Data:
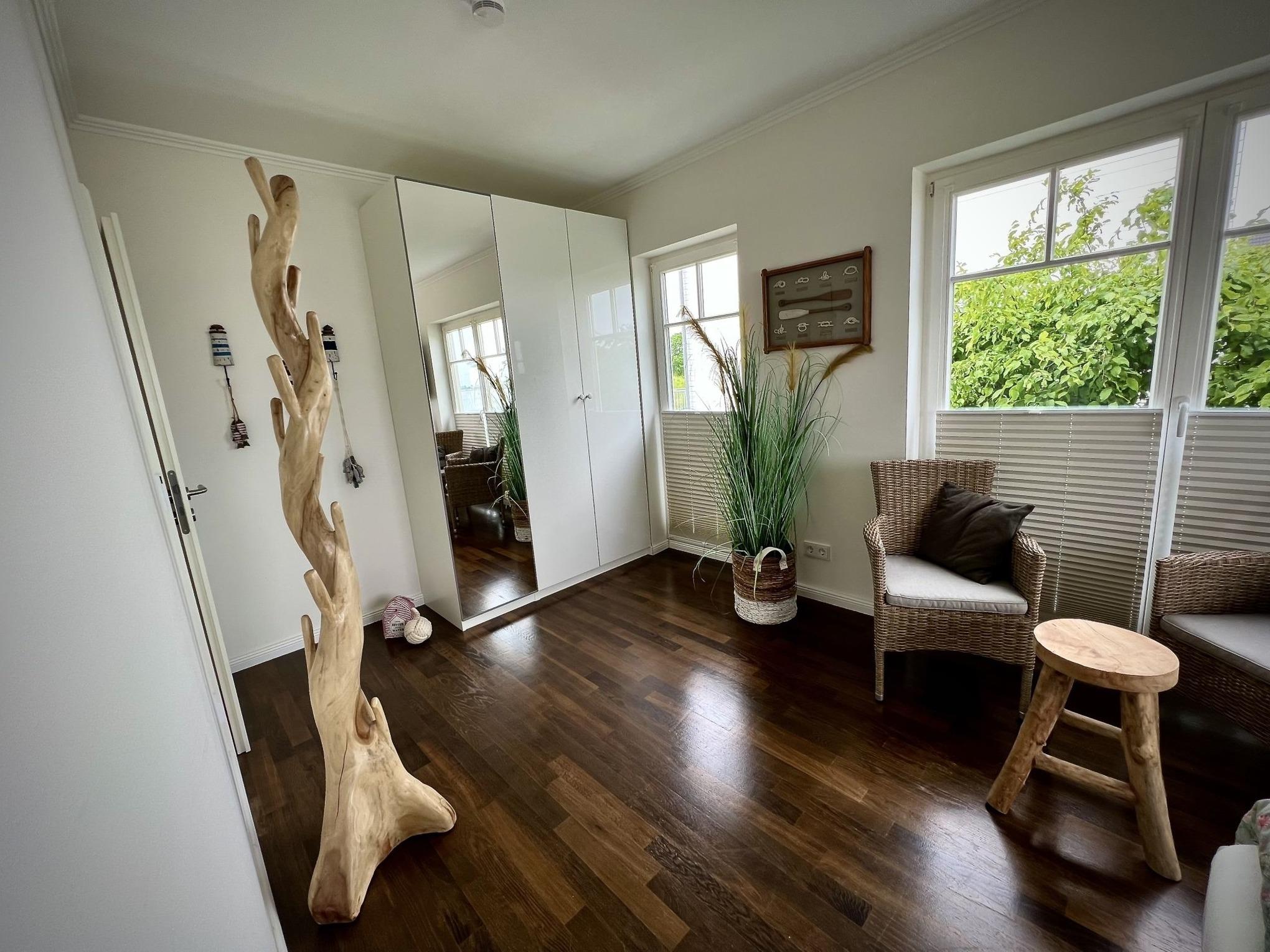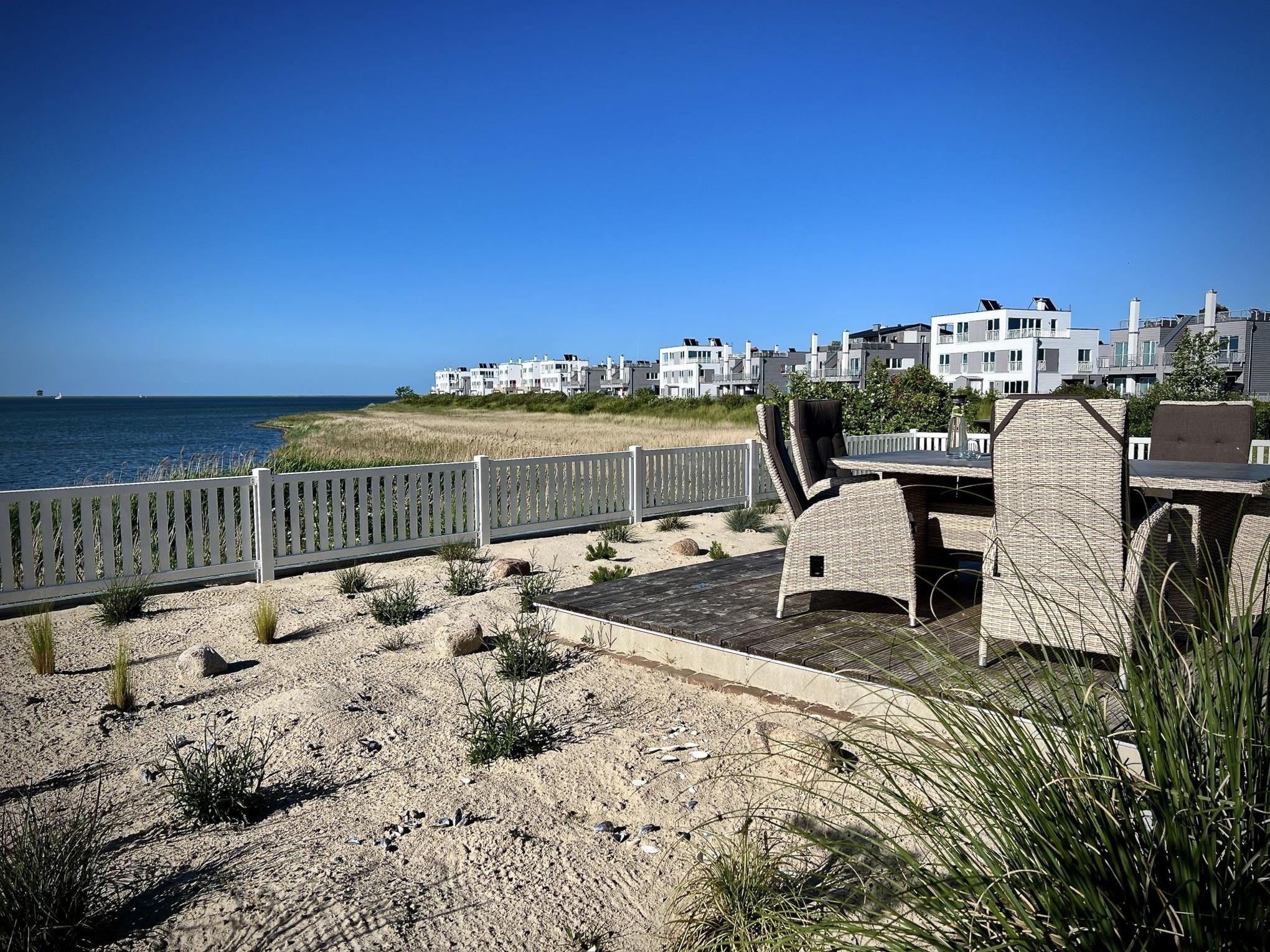 Die um das ganze Haus verlaufene Veranda bietet die Möglichkeit immer ein windgeschütztes Plätzchen zu finden und die Zeit am Meer zu genießen. Der im Anschluss an die Terrasse in Richtung Wasser umzäunte Garten mit kleinem Strandabschnitt ist das Highlight und definitiv einzigartig. Ein Strandkorb, Gartenmöbel und zwei Adirondack-Stühle mit Tisch und Fußteil stehen zur Verfügung. Der Blick fällt hier auf die atemberaubende Wasserkulisse der Schlei. Unvergessliche Sonnenuntergänge mit vorbeifahrenden Segelschiffen, Möwen in der Luft und die umgebende Ostseebrise ist ein Naturschauspiel, von dem man nicht müde wird, zuzuschauen.
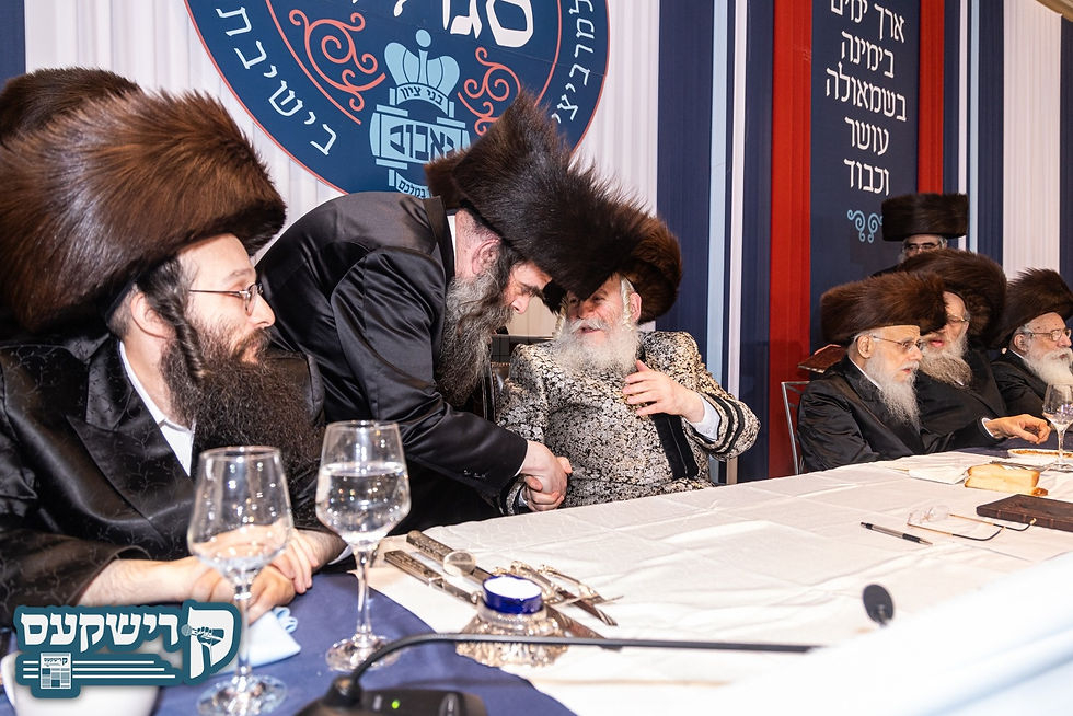 פילע אדמור"ים ורבנים סביב לשולחן איידערן ערשיינען צום גראנדיעזן מעמד הסיום דורך מפעל "שיננא" היינטיגן ליל שישי אין ירושלים.
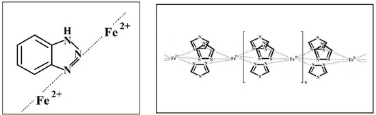 - Rubio, M.; Hernandez, R.; Nogales, A.; Roig, A.; Lopez, D. Structure of a spin-crossover Fe(II)-l,2,4-triazole polymer complex dispersed in an isotactic polystyrene matrix. Eur. Polym. J. 2011, 47, 52–60. [Google Scholar] [CrossRef]
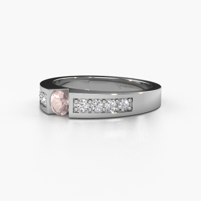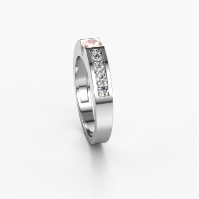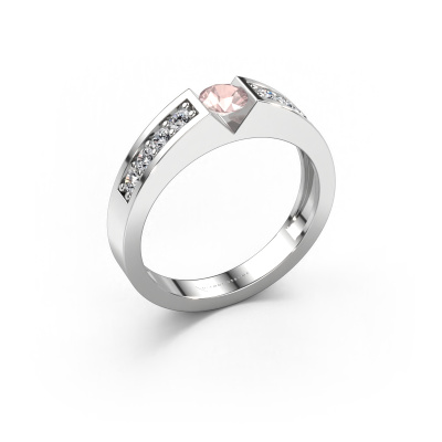 The ring shown above is called the Lizzy 2. We call this type of ring a pavé solitaire ring because it has one centre gemstone and a band that is also pave set with gemstones. This engagement ring is made in 14 Carat white gold set with a 4.2 mm round morganite champagne, and pave set diamonds at the sides. Each piece of jewellery is made to shine bright around your finger. Each jewel is hand made with love by our goldsmiths.This modern white gold pavé solitaire engagement ring has an exquisite round morganite champagne centre stone. To further accentuate the centre stone, the band is set full with more diamonds. Its open prong setting allows light to strike the morganite champagne from various angles and this adds sparkle to your morganite champagne ring. The photo shown above depicts the goldsmith's carefully handcrafted details of the ring. The high positioning of the centre stone is truly eye-catching. The perfect engagement ring for the crown jewel of your life!By using a combination of the latest modern techniques, combined with ancient crafting, we can make all our engagement rings in our own studio. Each jewel is made to order. This is advantageous because we can offer you a price you won't find anywhere else.Our team adds new designs to our online collection daily. Our designers and goldsmiths work together in creating the best design. We strive to offer a diverse collection of jewels. Perhaps you have a specific jewel design in mind. One you came across somewhere. Please contact us for a free consultation. We will make you an offer, based on a fair price/ quality ratio, that will baffle you.To make it easier for you, we offer a 30 day return policy. Check our terms and conditions.

Activity: Copy out the listing above exactly, and keep the pictures out of it.

Problem solution:
 Die um das ganze Haus verlaufene Veranda bietet die Möglichkeit immer ein windgeschütztes Plätzchen zu finden und die Zeit am Meer zu genießen. Der im Anschluss an die Terrasse in Richtung Wasser umzäunte Garten mit kleinem Strandabschnitt ist das Highlight und definitiv einzigartig. Ein Strandkorb, Gartenmöbel und zwei Adirondack-Stühle mit Tisch und Fußteil stehen zur Verfügung. Der Blick fällt hier auf die atemberaubende Wasserkulisse der Schlei. Unvergessliche Sonnenuntergänge mit vorbeifahrenden Segelschiffen, Möwen in der Luft und die umgebende Ostseebrise ist ein Naturschauspiel, von dem man nicht müde wird, zuzuschauen.
 פילע אדמור"ים ורבנים סביב לשולחן איידערן ערשיינען צום גראנדיעזן מעמד הסיום דורך מפעל "שיננא" היינטיגן ליל שישי אין ירושלים.
 - Rubio, M.; Hernandez, R.; Nogales, A.; Roig, A.; Lopez, D. Structure of a spin-crossover Fe(II)-l,2,4-triazole polymer complex dispersed in an isotactic polystyrene matrix. Eur. Polym. J. 2011, 47, 52–60. [Google Scholar] [CrossRef]
 The ring shown above is called the Lizzy 2. We call this type of ring a pavé solitaire ring because it has one centre gemstone and a band that is also pave set with gemstones. This engagement ring is made in 14 Carat white gold set with a 4.2 mm round morganite champagne, and pave set diamonds at the sides. Each piece of jewellery is made to shine bright around your finger. Each jewel is hand made with love by our goldsmiths.This modern white gold pavé solitaire engagement ring has an exquisite round morganite champagne centre stone. To further accentuate the centre stone, the band is set full with more diamonds. Its open prong setting allows light to strike the morganite champagne from various angles and this adds sparkle to your morganite champagne ring. The photo shown above depicts the goldsmith's carefully handcrafted details of the ring. The high positioning of the centre stone is truly eye-catching. The perfect engagement ring for the crown jewel of your life!By using a combination of the latest modern techniques, combined with ancient crafting, we can make all our engagement rings in our own studio. Each jewel is made to order. This is advantageous because we can offer you a price you won't find anywhere else.Our team adds new designs to our online collection daily. Our designers and goldsmiths work together in creating the best design. We strive to offer a diverse collection of jewels. Perhaps you have a specific jewel design in mind. One you came across somewhere. Please contact us for a free consultation. We will make you an offer, based on a fair price/ quality ratio, that will baffle you.To make it easier for you, we offer a 30 day return policy. Check our terms and conditions.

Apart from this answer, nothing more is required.